=== TASK INSTRUCTIONS ===
Would you print only the lines running from the one with "大年三十闹新春,生产一线迎新" to the final line of the data below, word for word and without pictures?

Excerpts from a dataset:
+===+

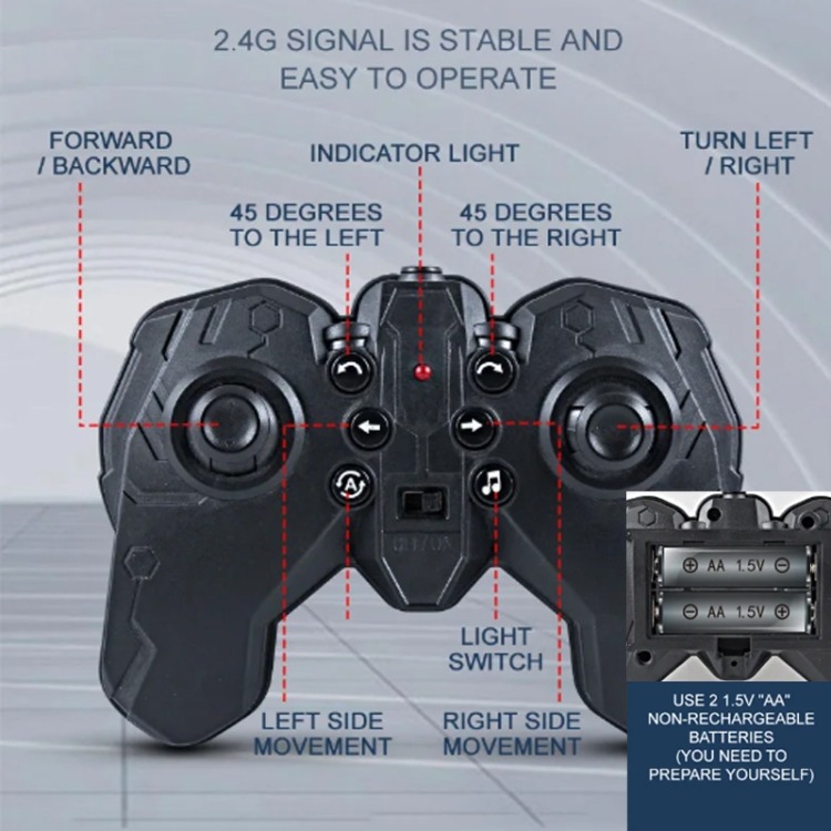 4. Remote control power supply: 2 x AA batteries (handle), 2 x AAA batteries (watch) – ( batteries are not included in the shipment)
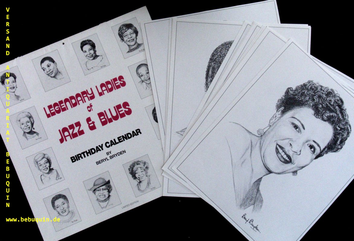 JAZZ.– BRYDEN, Beryl: Legendary Ladies of Jazz & Blues. Birthday Calendar. London (Walkerprint), ca 1970. 4°. 12 Bl. nach Kohlezeichnungen der berühmtesten Jazzfrauen in der Größe 28 x 22 cm. in ill. OKartMappe. Die Blätter sind rückseitig handschriftlich mit dem Namen des jeweils dargestellten beschrieben. Die Waschbrettspielerin und Sängerin Beryl war auch eine begabte Zeichnerin, die viele „Giants of Jazz“, allen voran ihre großen Idole Louis Armstrong und Bessie Smith, mit dem Kohlestift verewigte; ihre „birthday calendars“ sind ebenso wie ihre zahlreichen Schallplatten begehrte Sammlerstücke geworden. Die letzte „Red Hot Mama“ oder „Britains Queen of the Blues“, wie sie auf der Insel genannt wurde, begann ihre Laufbahn 1945 mit „George Webb’s Dixielanders“, damals noch „non-professional“. Ihren erlernten Beruf als Sekretärin gab sie auf, als ihre Stimme immer gefragter wurde, und im Lauf der Jahre folgten Auftritte mit allen Größen vor allem des europäischen traditionellen Jazz, wie Chris Barer, Monty Sunshine, Alex Welsh oder Fatty George, um nur einige zu erwähnen.
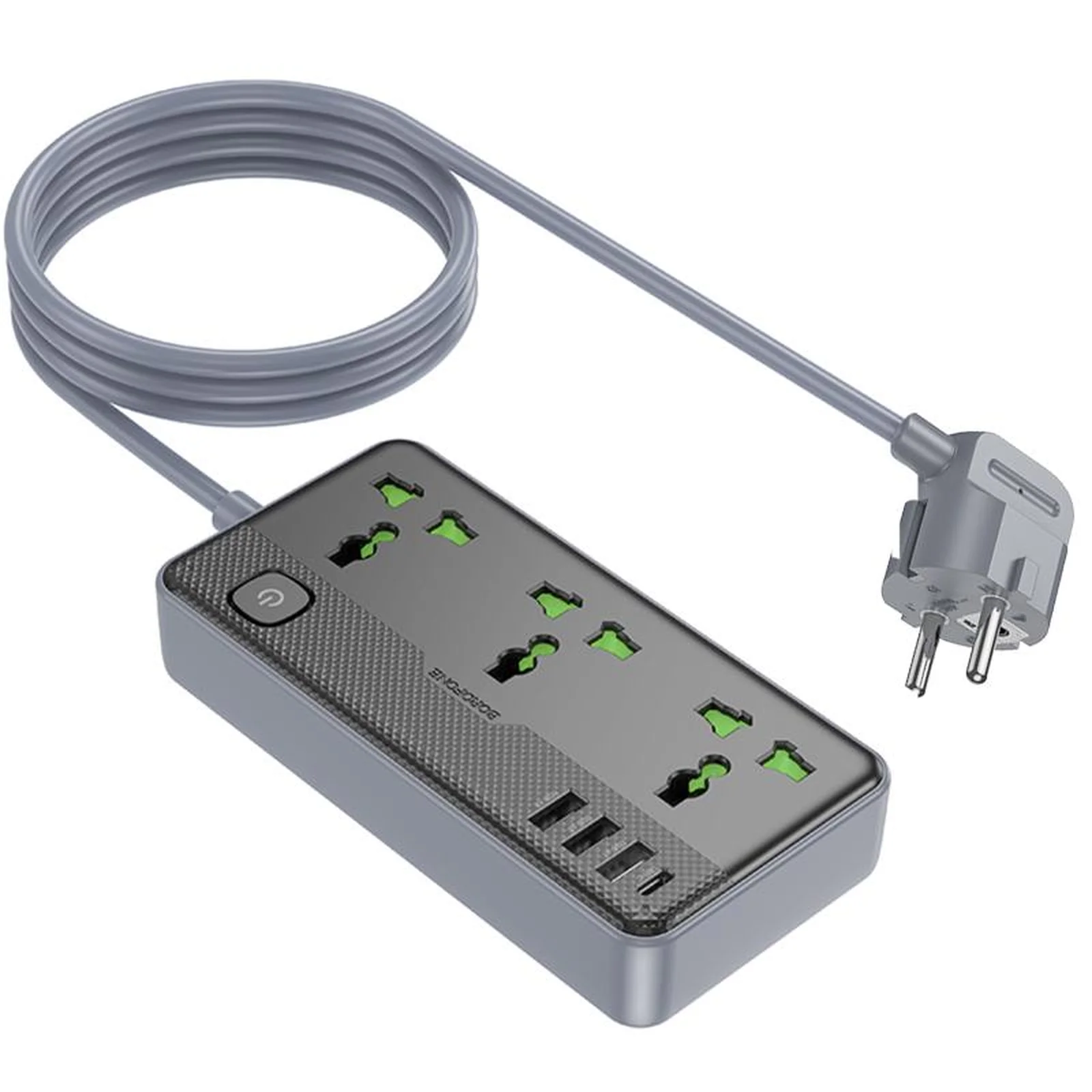Удлинитель Borofone BAC2 Leya (3USB-A/1C/3xSocket) (1.5m) Black
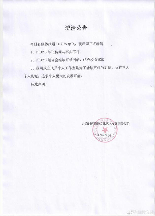 今天一早,TFboys三人各自成立工作室的消息就扑面而来,才刚刚过完四周年,TFboys就要解散了吗?下午经纪公司发出声明,单飞传言与事实不符,组合没有解散,成立个人工作室是为了追求个人最大的发展可能。
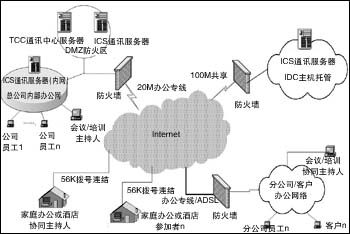 在實際建立的系統(tǒng)中,采用了公司內(nèi)部3臺服務(wù)器。一臺ICC主要用作登錄認證及用戶和服務(wù)器管理;2臺ICS服務(wù)器,一臺布置在防火區(qū),供外網(wǎng)用戶的訪問,一臺在內(nèi)網(wǎng),供公司內(nèi)部員工使用。在公司外面,托管了一臺ICS(通訊服務(wù)器),供公司外部用戶訪問。
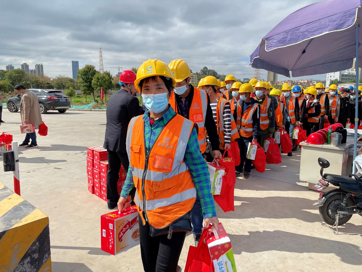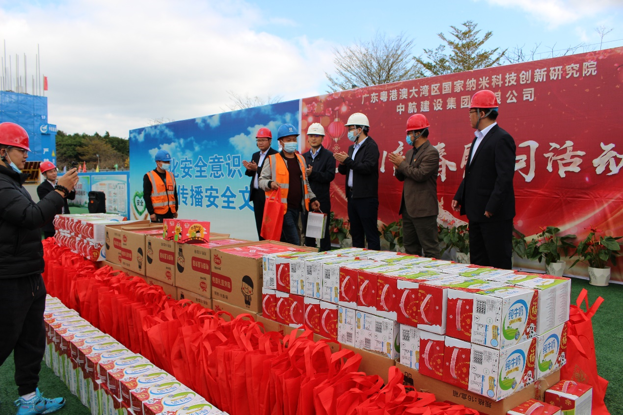 大年三十闹新春,生产一线迎新年。为响应地方政府“留穗过年”的号召,2021年2月11日,新爱体育官方网站-新爱体育(中国)南方工程有限公司联合广州市黄埔区鱼珠街道办事处、广州纳米产业投资有限公司、广州珠江工程建设监理有限公司,组织开展“2021新春慰问活动”。
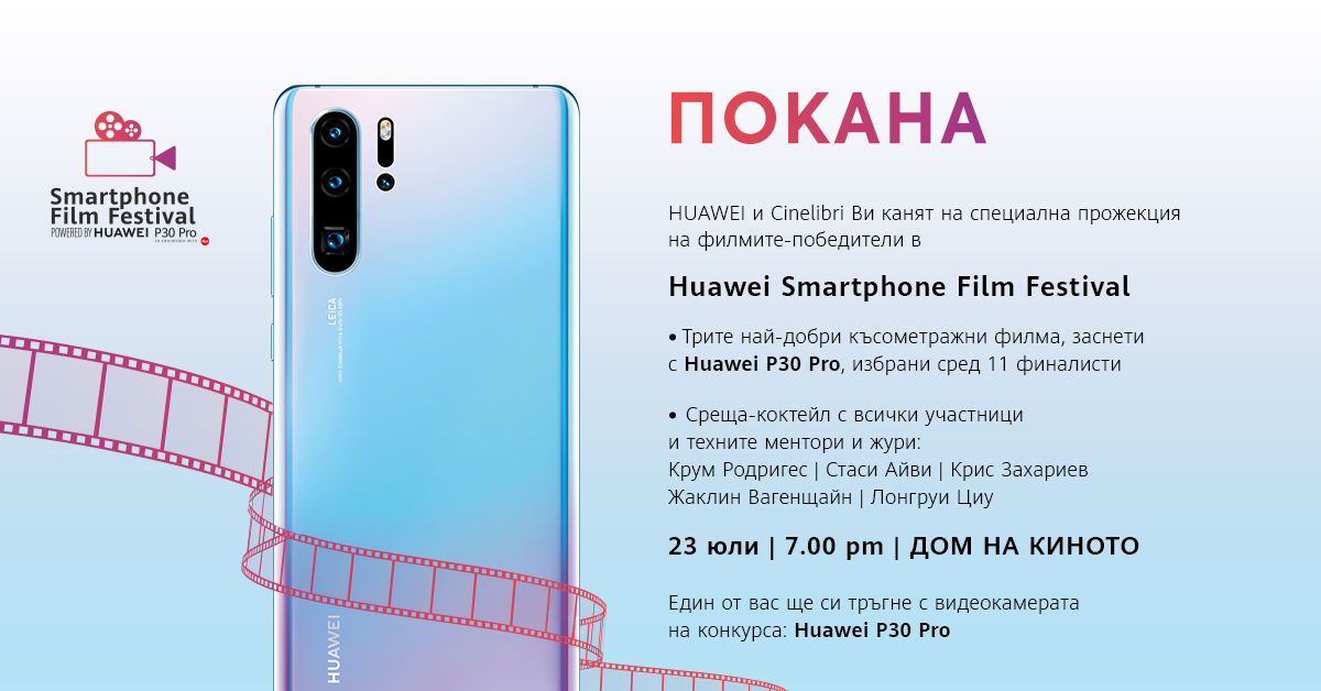 /КРОСС/ Huawei България и Cinelibri канят всички фенове на марката и любители на киното на специална прожекция на трите филма-победители в Huawei Smartphone Film Festival, на 23 юли, вторник, от 19 часа в Дома на киното.

+===+

=== WRITTEN SOLUTION ===
 大年三十闹新春,生产一线迎新年。为响应地方政府“留穗过年”的号召,2021年2月11日,新爱体育官方网站-新爱体育(中国)南方工程有限公司联合广州市黄埔区鱼珠街道办事处、广州纳米产业投资有限公司、广州珠江工程建设监理有限公司,组织开展“2021新春慰问活动”。
 /КРОСС/ Huawei България и Cinelibri канят всички фенове на марката и любители на киното на специална прожекция на трите филма-победители в Huawei Smartphone Film Festival, на 23 юли, вторник, от 19 часа в Дома на киното.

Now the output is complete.